Figure 2 (image above): The three exposure groups on the 50,000-user dataset. The top panel shows the observed-outcome distribution for each group, with dashed vertical lines at the group means (5.06 min pure control, 5.27 min spillover-exposed, 5.79 min treated). The spillover distribution sits between the pure-control and treated distributions, which is the contamination a naive user-level estimator would fold into the control baseline. The bottom panel translates the same groups into raw counts: 18,319 pure-control users, 6,744 spillover-exposed control users, and 24,937 treated users. Where Figure 1 schematically showed the SUTVA violation, this figure shows it at the data scale, and the three-group structure is exactly what Step 4's two-exposure model will identify.

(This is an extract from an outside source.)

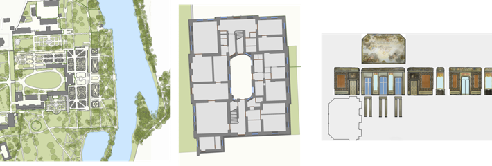 - elewacje, wnętrza lub historię zmian pałacu,

Step 2: Naive User-Level OLS (Biased and Overconfident)
The naive analysis ignores clustering entirely and regresses the observed outcome on each user's treatment assignment, reporting a standard error as if every user were an independent draw. Two things go wrong at once.
import statsmodels.formula.api as smf
naive = smf.ols("session_minutes_obs ~ treated_user", data=df).fit()
print(f"Naive estimate: {naive.params['treated_user']:+.4f} min")
print(f"Naive SE: {naive.bse['treated_user']:.4f} (under-reported)")
ci = naive.conf_int().loc["treated_user"].tolist()
print(f"Naive 95% CI: [{ci[0]:+.4f}, {ci[1]:+.4f}]")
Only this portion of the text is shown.